If your personal use is over that 14 days and also that 10% line, then certain types of expenses are limited only to your amount of rental income.  And TurboTax will, in that case, correctly reduce expenses like depreciation, property taxes, and mortgage interest if your expenses exceed the amount of rental income.   

 

But there are other types of expenses that are considered to be "direct" expenses that don't get reduced based on the amount of personal use.   These would be expenses that have to do with the business of owning the rental and not expenses for the property itself, such as advertising, legal fees, and property management fees.  If you have a significant amount of those types of fees, those actually can still exceed your rental income and you can still end up with a rental loss to report. 

 

What's really interesting is in this situation where you have a "mixed-use" property with a significant amount of personal use, the passive activity losses of section 469 of the tax code no longer apply and section 280A of the tax code applies instead.  And so you can actually have situations where your personal use of the property allows expenses to offset your other income that normally would be limited by the passive activity rules.  It sounds like that may be happening in your situation.

David O

We rented our vacation property for 100 days and used it for 21 days.
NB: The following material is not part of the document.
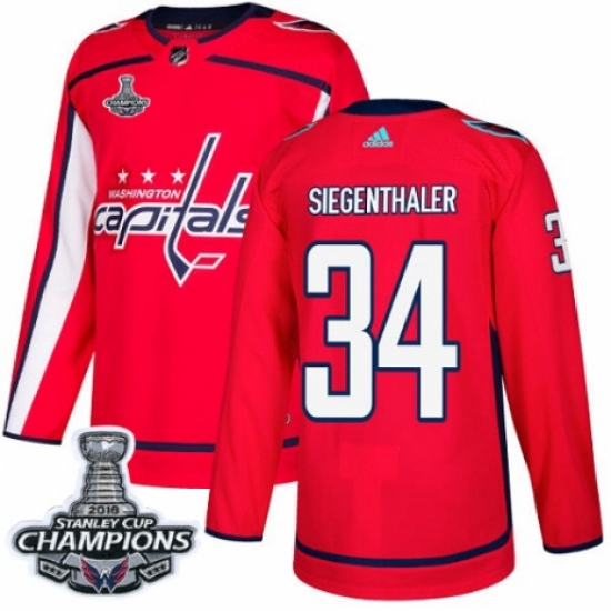 Men's Adidas Washington Capitals #34 Jonas Siegenthaler Authentic Red Home 2018 Stanley Cup Final Champions NHL Jersey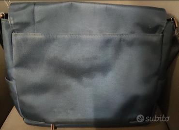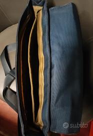 Borsa con tracolla The Bridge Wayfarer mod. Messanger, colore blu in tessuto con dettagli in pelle, composta da vari scomparti e vano porta computer; dimensioni cm. 37x32. Usato poche volte in buone condizioni

The loss should not be deductible but turbo tax is deducting it. Did I answer a question wrong?


@taxmodern wrote:

property taxes, and mortgage interest


 

Unfortunately, I think TurboTax handles those incorrectly.

 

The last I checked, when there is enough personal use, the program allows the full rental portion of the deduction, regardless if those expenses are "otherwise allowable" or not.  While those can allow a loss if a taxpayer is Itemizing and those amounts would be a deduction (under any limits) - aka "otherwise allowable", TurboTax allows the loss regardless if the taxpayer Itemizes or if they would have been deductible or not.